Obviously, premium costs will be an important consideration for consumers. But just as important will be a realistic assessment of what kinds of out-of-pocket costs they could expect with different types of policies and what subsidies they will be eligible for.

"Everybody should be factoring in cost sharing along with the premium to try to assess what their total financial exposure is," says Jennifer Tolbert, director of state health reform at the Kaiser Family Foundadtion. (KHN is an editorially independent program of the foundation.)

The law requires new individual and small group plans sold on the online marketplaces, also called exchanges, and on the private market to cover a comprehensive set of 10 "essential health benefits," including prescription drugs, hospitalization and doctor visits. The benefits covered will be similar in all plans, but the proportion of the costs that a consumer pays will vary.

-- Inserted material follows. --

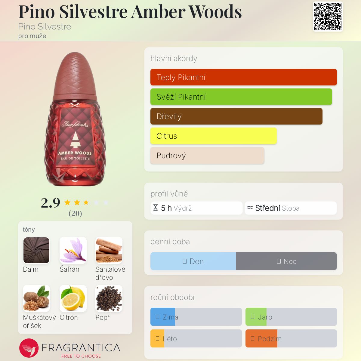 Pino Silvestre Amber Woods podle Pino Silvestre je Orientální Woody vůně pro muže. Pino Silvestre Amber Woods byl/a uveden/a v roce 2023. Vrchní tóny jsou Muškátový oříšek, Citrón a Tymián; střední tóny jsouŠafrán a Černý pepř ; základní tóny jsou Daim, Santalové dřevo, Pačuli a Cypriolový olej.

There will be four different levels of plan coverage, each identified by a precious metal: Platinum plans will pay 90 percent of covered expenses, on average; gold plans will pay 80 percent, silver plans 70 percent and bronze plans 60 percent.

Tax credits to help cover the cost of the premiums for plans sold on the exchanges will be available to people with incomes up to 400 percent of the federal poverty level ($45,960 for an individual in 2013), and cost-sharing subsidies will reduce the out-of-pocket costs for people with incomes up to 250 percent of poverty ($28,725 for an individual in 2013). The maximum amount that consumers will owe out of pocket for in-network medical claims will generally be capped at roughly $6,400 for individuals and $12,700 for families in 2014. (Those figures do not include money spent on premiums.)

How all those elements work together can have cost and coverage implications for people with high medical expenses.